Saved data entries
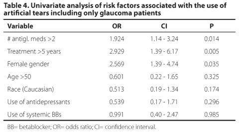 When the glaucoma group was analyzed separately, female gender remained a significant risk factor for the use of artificial tears (OR=2.57), along with the use of 2 or more antiglaucoma medications (OR=1.92) and duration of treatment greater than 5 years (OR=2.92). We could not establish a relationship between type of antiglaucoma medication and the need for artificial tears (Table 4).
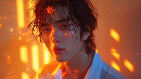 This enchanting portrait captures a young woman with vibrant light reflections, showcasing her beauty and serene expression against a dreamy backdrop.
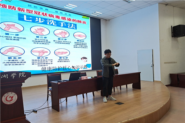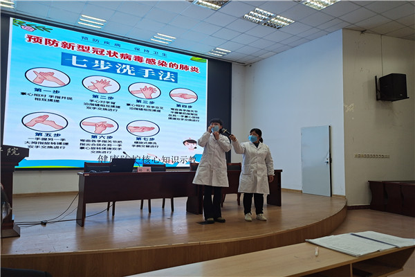 进一步普及结核病及新冠肺炎等常见呼吸道传染病的防治知识,活动特别设置了“健康防护知识”现场示教环节,校医院的专业技术人员刘雅婷、袁玉分别进行了“七步洗手法”“正确戴口罩”“咳嗽、发喷嚏礼仪”等呼吸道传染病防护的实用技能演示,同学们现场观摩后,跃跃欲试,上台与宣传人员互动,大家感叹,看似简单的操作,经过规范的学习之后获益良多。
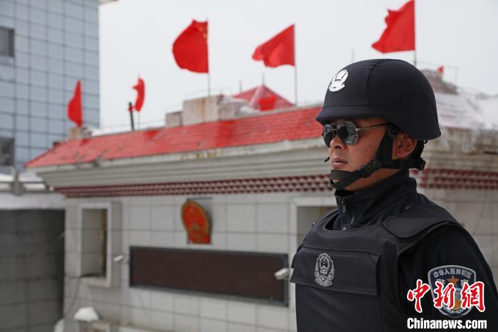 連日來(lái),執(zhí)勤隊(duì)像往常一樣開(kāi)展巡邏。民警楊帆是此次乃堆拉執(zhí)勤任務(wù)的帶隊(duì)干部,組織民警開(kāi)展巡邏是他每天必須完成的任務(wù)。大家穿戴好單警裝備,楊帆格外對(duì)新警阿旺邊巴叮囑高原巡邏注意事項(xiàng)。
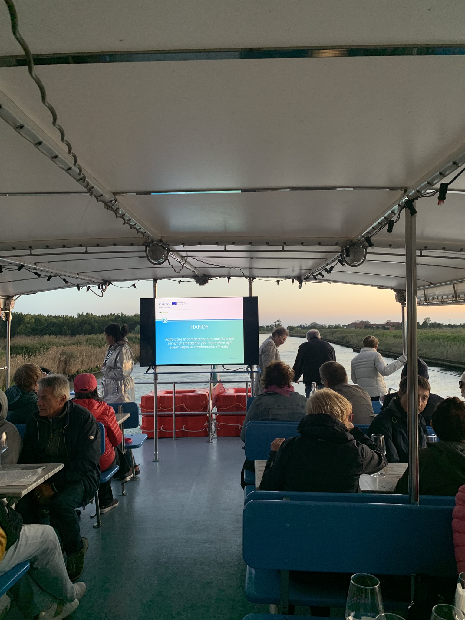 On 28 September 2025, the Municipality of Aquileia, partner of the HANDY project, presented its training results and main activities carried out during the past months. The initiative took place on board a river boat “Battello Santa Maria” in the Aquileia-Grado lagoon, creating a unique atmosphere for sharing knowledge. Over 40 participants took part in the initiative, including the Mayor, Mr. Emanuele Zorino, the Deputy Mayor, Mr. Isaac Zampieri, and other members of the municipal administration, as well as numerous citizens.
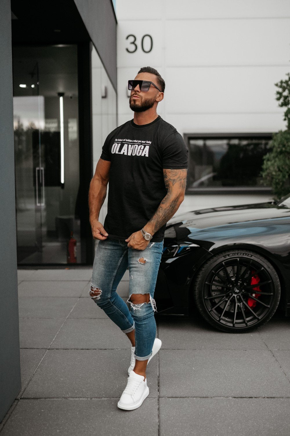 Férfi rövid ujjú póló klasszikus szabással. Pamut anyagból, mellkason OLAVOGA logónyomattal.
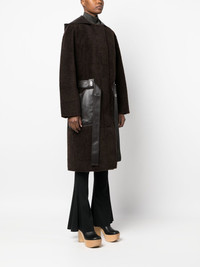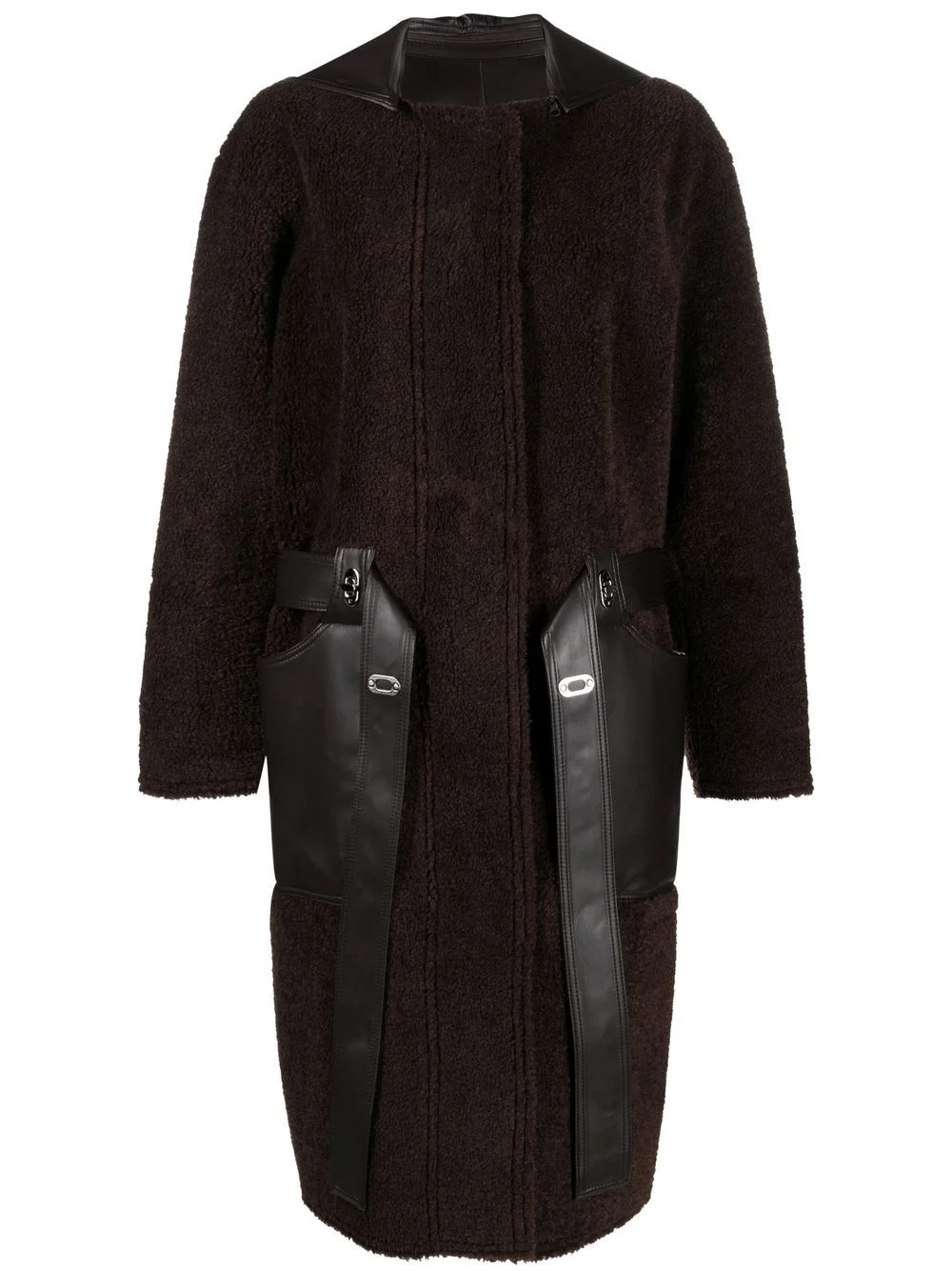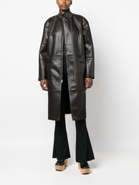 faux-leather zip-up coat jet black faux leather faux-shearling lining round neck front press-stud and zip fastening long sleeves two side slit pockets straight hem reversible Imported Composition Outer: Polyester 100% Lining: Polyurethane 100% SIZE & FIT Model measurements Height 5 ft 11 in(1.8 m) Bust/Chest 31.49 in(80 cm) Hips 36.61 in(93 cm) Waist 24.4 in(62 cm) FittingInformation This piece fits true to size. We recommend you get your regular size Cut for a loose fit. Comes with an adjustable belt for a flexible fit at the waist Made with a mid-weight non-stretch fabric Washing instructions Dry Clean Only
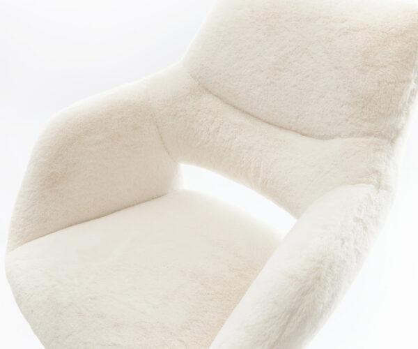 Luxusný plyšový poťah v jemnej krémovo-bielej farbe dodáva stoličke obzvlášť elegantnú charizmu. Mäkký povrch poskytuje najvyšší komfort sedenia – ideálne pre moderné jedálne a obytné priestory s kvalitným zariadením.
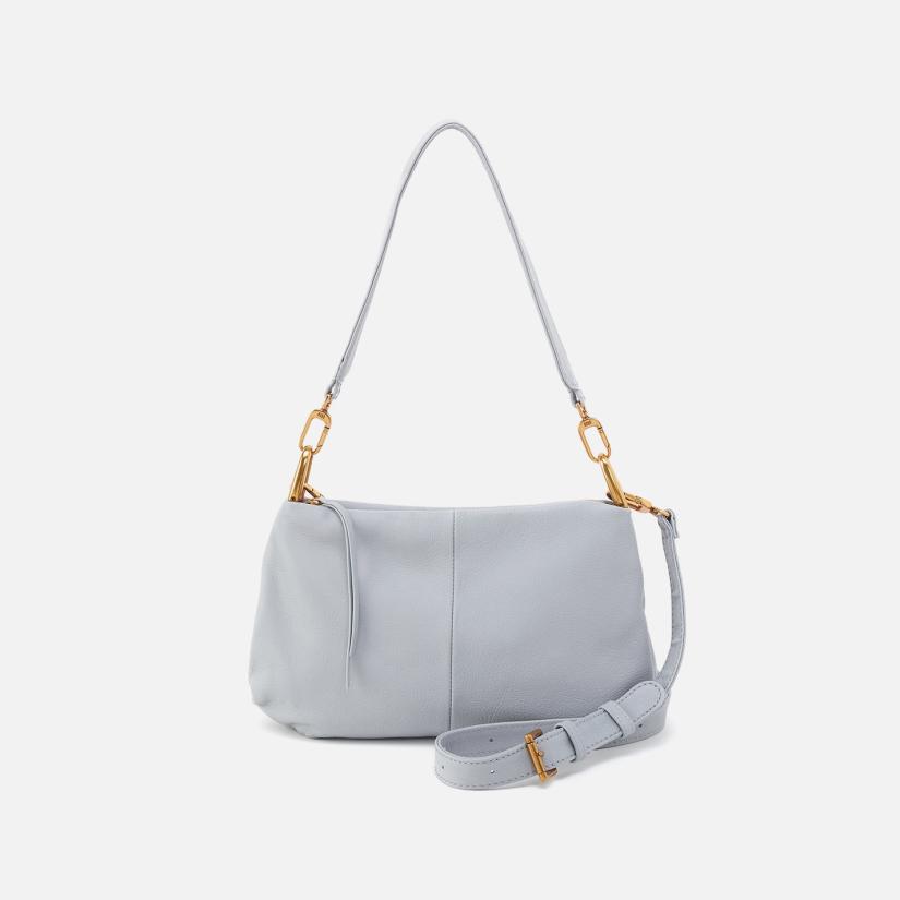 A leather shoulder bag with removable crossbody strap.

→ **Exercise details**: Reproduce exactly and only the lines from the line that contains "Férfi rövid ujjú" to the end of the data above, both ends included. No pictures go in the copy.

→ **Response box**:
 Férfi rövid ujjú póló klasszikus szabással. Pamut anyagból, mellkason OLAVOGA logónyomattal.
 faux-leather zip-up coat jet black faux leather faux-shearling lining round neck front press-stud and zip fastening long sleeves two side slit pockets straight hem reversible Imported Composition Outer: Polyester 100% Lining: Polyurethane 100% SIZE & FIT Model measurements Height 5 ft 11 in(1.8 m) Bust/Chest 31.49 in(80 cm) Hips 36.61 in(93 cm) Waist 24.4 in(62 cm) FittingInformation This piece fits true to size. We recommend you get your regular size Cut for a loose fit. Comes with an adjustable belt for a flexible fit at the waist Made with a mid-weight non-stretch fabric Washing instructions Dry Clean Only
 Luxusný plyšový poťah v jemnej krémovo-bielej farbe dodáva stoličke obzvlášť elegantnú charizmu. Mäkký povrch poskytuje najvyšší komfort sedenia – ideálne pre moderné jedálne a obytné priestory s kvalitným zariadením.
 A leather shoulder bag with removable crossbody strap.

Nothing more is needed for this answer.